Ni gestos ni presupuestos: Sánchez no moverá ficha con Cataluña hasta después del 26-M

  • Sánchez no cuenta con los votos de los independentistas catalanes, pero tampoco piensa hacer ningún gesto de complicidad, o de intento de acercar posiciones
  • El diálogo institucional y las relaciones entre administraciones del Estado y Generalitat, en cambio, seguirán su cauce

El presidente del gobierno, Pedro Sánchez, tiene cada vez más claro que no le queda más remedio que prorrogar los Presupuestos Generales del Estado cuyo proyecto de ley aprobara el gobierno de Mariano Rajoy antes de ser desalojado por la moción de censura.
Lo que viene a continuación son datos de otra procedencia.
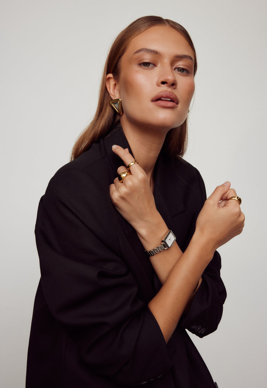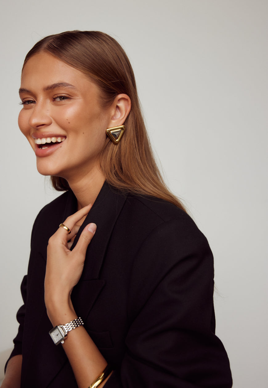 Rich, warm, and softly luminous – our signature gold finish. Designed to make a subtle statement, each piece is plated over high-quality stainless steel for enduring wear.
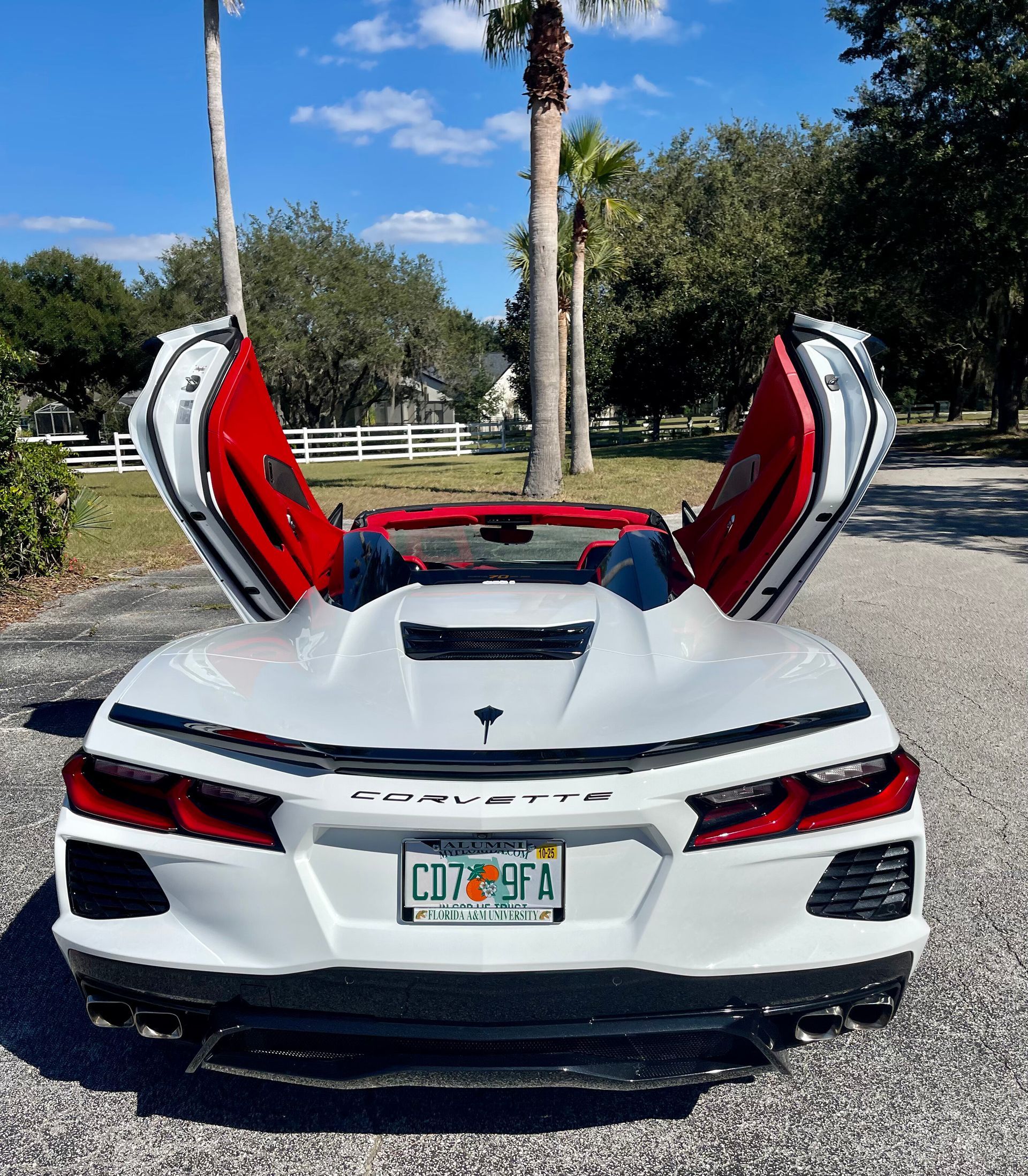 The Corvette Stingray Convertible is not a prom bus or a family car. It is a feature vehicle for one guest who will be arriving, being photographed, and remembered.

Según fuentes del PSOE, Sánchez no cuenta con los votos de los independentistas catalanes, pero tampoco piensa hacer ningún gesto de complicidad, o de intento de acercar posiciones en el conflicto abierto con el gobierno de Cataluña.

Ya puede pedir hechos el presidente de la Generalitat, Quim Torra, o reclamar gestos el diputado de ERC, Joan Tardà. La decisión está tomada por Sánchez, con su núcleo más cercano del partido: “no hay nada que tratar con el independentismo – aseguran a este diario desde la cúpula socialista- hasta después de la celebración de las elecciones municipales y autonómicas”.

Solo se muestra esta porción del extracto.